- DIRECTIONS FOR THIS TASK: Among the lines below, restate word for word only those from the line with "Praktičnost a styl: Díky" through the line with "На барабанах изображены", with both end lines kept.

- INFORMATION:
-- Opening Marker --
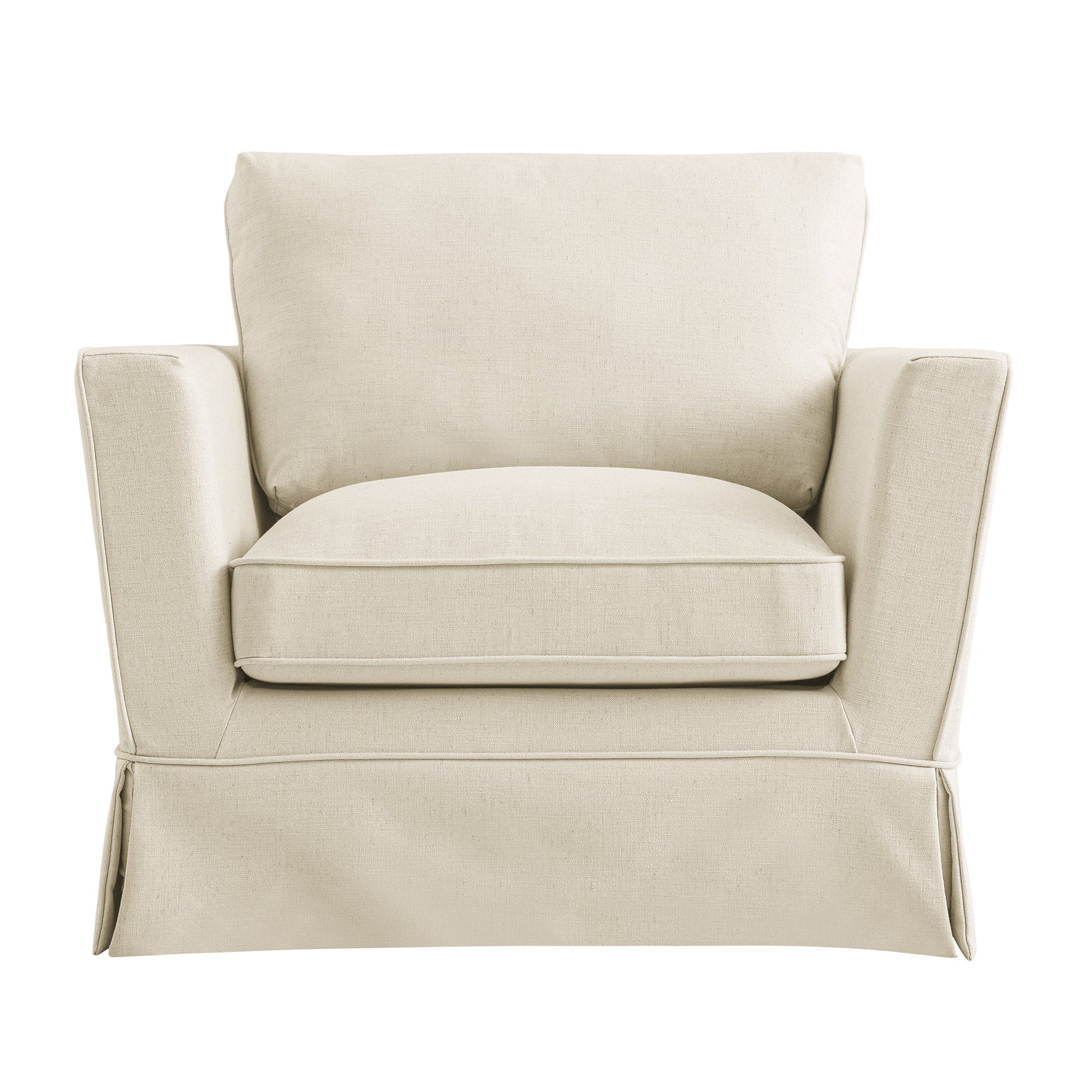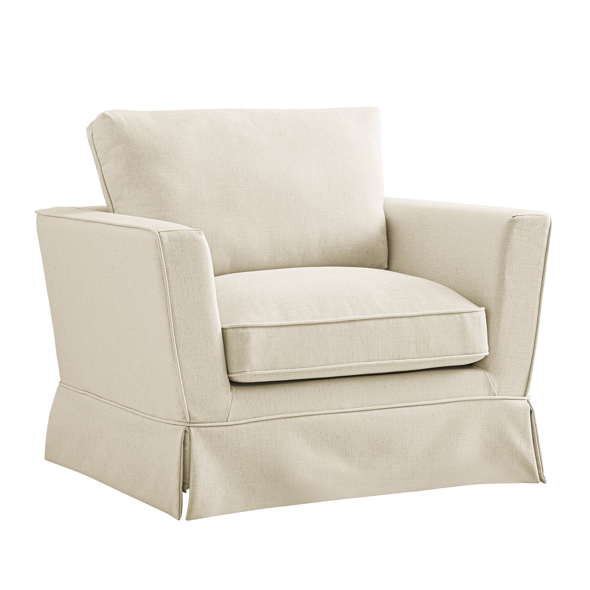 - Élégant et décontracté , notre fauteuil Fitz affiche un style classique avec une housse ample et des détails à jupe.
-- Closing Marker --
-- Opening Marker --
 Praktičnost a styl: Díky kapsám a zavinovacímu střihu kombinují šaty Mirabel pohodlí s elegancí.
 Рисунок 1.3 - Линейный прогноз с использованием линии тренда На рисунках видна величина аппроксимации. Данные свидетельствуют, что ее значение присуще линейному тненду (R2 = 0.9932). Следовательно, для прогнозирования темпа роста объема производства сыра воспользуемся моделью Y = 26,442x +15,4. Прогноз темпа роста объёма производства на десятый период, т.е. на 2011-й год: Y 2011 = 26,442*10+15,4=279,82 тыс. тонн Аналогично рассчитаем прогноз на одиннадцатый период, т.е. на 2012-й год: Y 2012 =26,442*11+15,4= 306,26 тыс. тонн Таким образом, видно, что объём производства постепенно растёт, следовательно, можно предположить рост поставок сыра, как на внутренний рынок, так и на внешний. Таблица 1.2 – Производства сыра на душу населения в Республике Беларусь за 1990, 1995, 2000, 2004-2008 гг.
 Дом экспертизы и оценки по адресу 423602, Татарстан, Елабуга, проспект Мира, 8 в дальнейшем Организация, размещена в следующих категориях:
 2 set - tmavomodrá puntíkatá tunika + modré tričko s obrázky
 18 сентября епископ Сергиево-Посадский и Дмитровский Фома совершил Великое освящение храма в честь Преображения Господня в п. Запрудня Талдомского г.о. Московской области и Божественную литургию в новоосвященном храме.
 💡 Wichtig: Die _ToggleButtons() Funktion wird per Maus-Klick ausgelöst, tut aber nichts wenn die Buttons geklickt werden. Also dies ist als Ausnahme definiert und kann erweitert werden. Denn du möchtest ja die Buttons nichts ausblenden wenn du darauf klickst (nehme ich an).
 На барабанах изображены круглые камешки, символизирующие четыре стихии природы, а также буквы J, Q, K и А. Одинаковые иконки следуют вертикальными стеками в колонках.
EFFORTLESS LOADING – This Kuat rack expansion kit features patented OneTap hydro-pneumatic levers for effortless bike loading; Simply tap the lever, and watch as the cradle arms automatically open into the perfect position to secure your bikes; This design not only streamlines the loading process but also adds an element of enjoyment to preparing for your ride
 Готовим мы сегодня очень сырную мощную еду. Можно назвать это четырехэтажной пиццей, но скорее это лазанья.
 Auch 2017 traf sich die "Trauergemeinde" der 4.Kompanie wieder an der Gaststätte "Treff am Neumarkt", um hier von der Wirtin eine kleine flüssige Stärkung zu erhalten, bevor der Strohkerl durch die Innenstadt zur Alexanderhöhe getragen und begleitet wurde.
-- Closing Marker --
- RESULT BELOW:
 Praktičnost a styl: Díky kapsám a zavinovacímu střihu kombinují šaty Mirabel pohodlí s elegancí.
 Рисунок 1.3 - Линейный прогноз с использованием линии тренда На рисунках видна величина аппроксимации. Данные свидетельствуют, что ее значение присуще линейному тненду (R2 = 0.9932). Следовательно, для прогнозирования темпа роста объема производства сыра воспользуемся моделью Y = 26,442x +15,4. Прогноз темпа роста объёма производства на десятый период, т.е. на 2011-й год: Y 2011 = 26,442*10+15,4=279,82 тыс. тонн Аналогично рассчитаем прогноз на одиннадцатый период, т.е. на 2012-й год: Y 2012 =26,442*11+15,4= 306,26 тыс. тонн Таким образом, видно, что объём производства постепенно растёт, следовательно, можно предположить рост поставок сыра, как на внутренний рынок, так и на внешний. Таблица 1.2 – Производства сыра на душу населения в Республике Беларусь за 1990, 1995, 2000, 2004-2008 гг.
 Дом экспертизы и оценки по адресу 423602, Татарстан, Елабуга, проспект Мира, 8 в дальнейшем Организация, размещена в следующих категориях:
 2 set - tmavomodrá puntíkatá tunika + modré tričko s obrázky
 18 сентября епископ Сергиево-Посадский и Дмитровский Фома совершил Великое освящение храма в честь Преображения Господня в п. Запрудня Талдомского г.о. Московской области и Божественную литургию в новоосвященном храме.
 💡 Wichtig: Die _ToggleButtons() Funktion wird per Maus-Klick ausgelöst, tut aber nichts wenn die Buttons geklickt werden. Also dies ist als Ausnahme definiert und kann erweitert werden. Denn du möchtest ja die Buttons nichts ausblenden wenn du darauf klickst (nehme ich an).
 На барабанах изображены круглые камешки, символизирующие четыре стихии природы, а также буквы J, Q, K и А. Одинаковые иконки следуют вертикальными стеками в колонках.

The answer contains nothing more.